How many grams of aluminum oxide can be formed by the reaction of 41.2 g of aluminum with oxygen?
4Al + 3O2 ==> 2Al2O3
mols Al = grams/molar mass = ?
Using the coefficients in the balanced equation, convert mols Al to mols Al2O3.
Finally, convert mols Al2O3 to grams. g = mols x molar mass = ?
To determine the amount of aluminum oxide formed, we need to use the balanced chemical equation for the reaction between aluminum and oxygen.
2Al + 3O₂ → 2Al₂O₃
From the balanced equation, we can see that 2 moles of aluminum react with 3 moles of oxygen to produce 2 moles of aluminum oxide.
To find the amount of aluminum oxide formed, we need to convert the mass of aluminum (41.2 g) to the moles of aluminum, then use the mole ratio to determine the moles of aluminum oxide, and finally convert the moles of aluminum oxide to grams.
Step 1: Convert the mass of aluminum to moles.
To convert grams to moles, we need to know the molar mass of aluminum, which is 26.98 g/mol.
Moles of aluminum = mass of aluminum (g) / molar mass of aluminum (g/mol)
Moles of aluminum = 41.2 g / 26.98 g/mol
Moles of aluminum = 1.53 mol
Step 2: Use the mole ratio to determine the moles of aluminum oxide.
From the balanced equation, we know that 2 moles of aluminum react to produce 2 moles of aluminum oxide.
Moles of aluminum oxide = Moles of aluminum * (2 moles of aluminum oxide / 2 moles of aluminum)
Moles of aluminum oxide = 1.53 mol * (2/2)
Moles of aluminum oxide = 1.53 mol
Step 3: Convert moles of aluminum oxide to grams.
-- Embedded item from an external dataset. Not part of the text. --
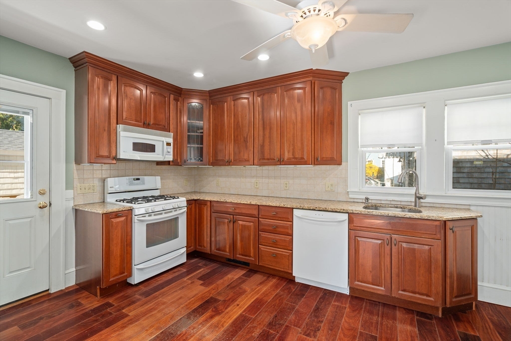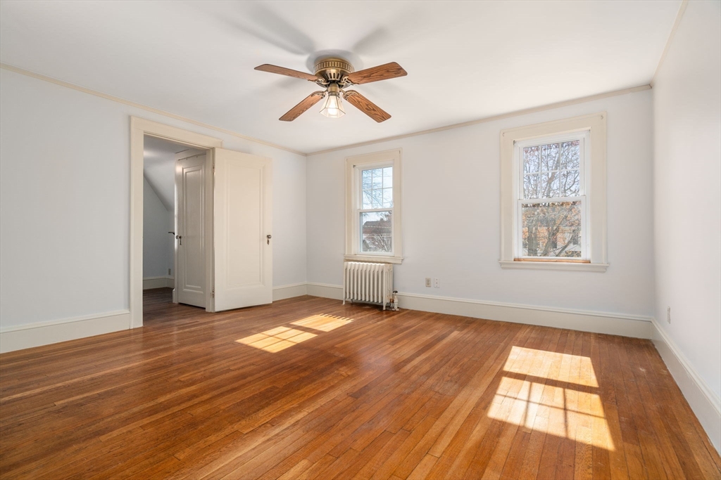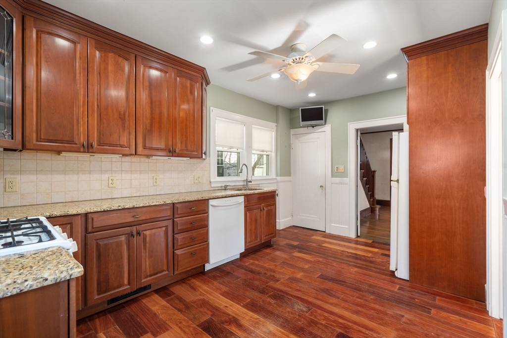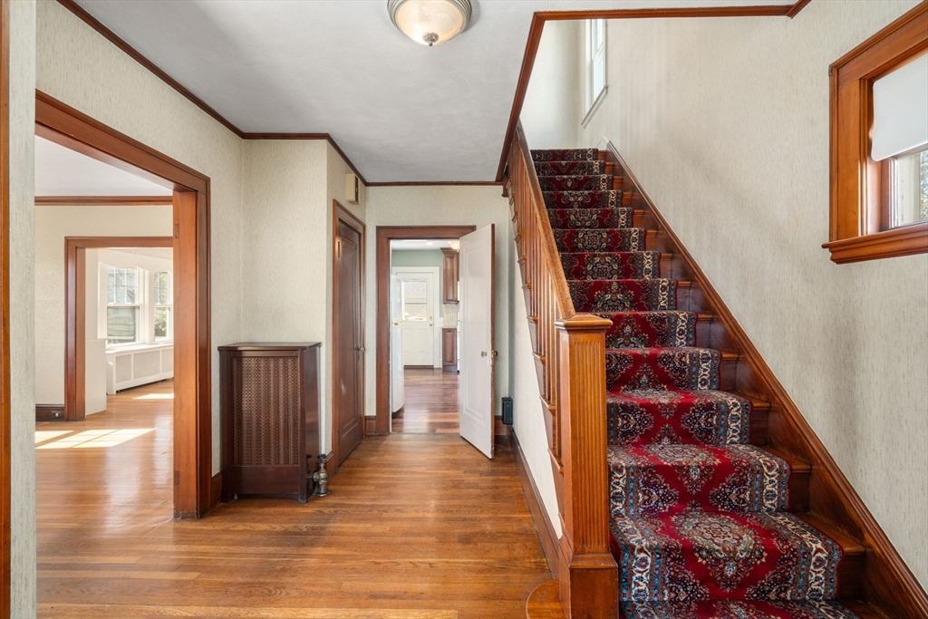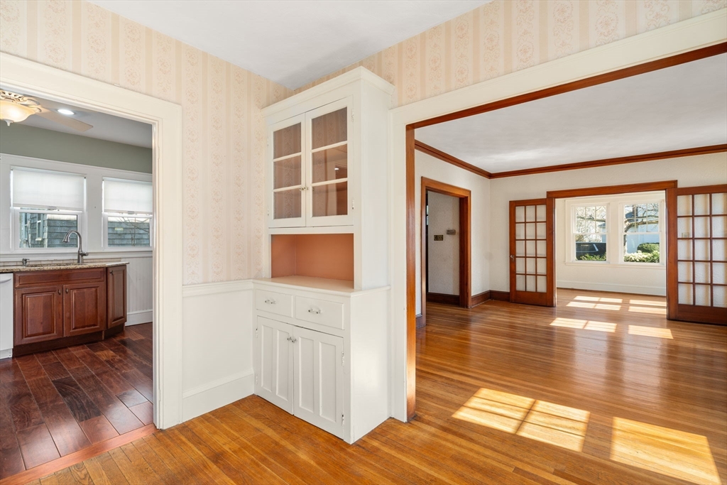 Charming 3-bed, 1-bath home ideally located on a quiet side street in the heart of Belmont Center. Lovingly maintained by the same family for apprx 70 years, this home features a spacious living room with a wood-burning fireplace and a formal dining room with beautiful period details and built-in china cabinets. A bright sunroom wrapped in windows offers a perfect spot to relax or work from home. An updated kitchen with access to the patio completes this level. A generous landing welcomes you to the second floor. The primary bedroom includes a walk-in closet, along with two additional well-sized bedrooms. Set on a corner lot, the home is filled with natural light. Newer roof and replacement windows throughout. Additional highlights include a one-car garage, expanded off-street parking, and a private patio. High ceilings, a walk-up attic, and an unfinished lower level, offers potential for expansion. Close to commuter rail, bus to Harvard Square, and shops and restaurants of Belmont.

To convert moles to grams, we need to know the molar mass of aluminum oxide, which is 101.96 g/mol.
Mass of aluminum oxide = moles of aluminum oxide * molar mass of aluminum oxide (g/mol)
Mass of aluminum oxide = 1.53 mol * 101.96 g/mol
Mass of aluminum oxide = 155.96 g
Therefore, 155.96 grams of aluminum oxide can be formed by the reaction of 41.2 grams of aluminum with oxygen.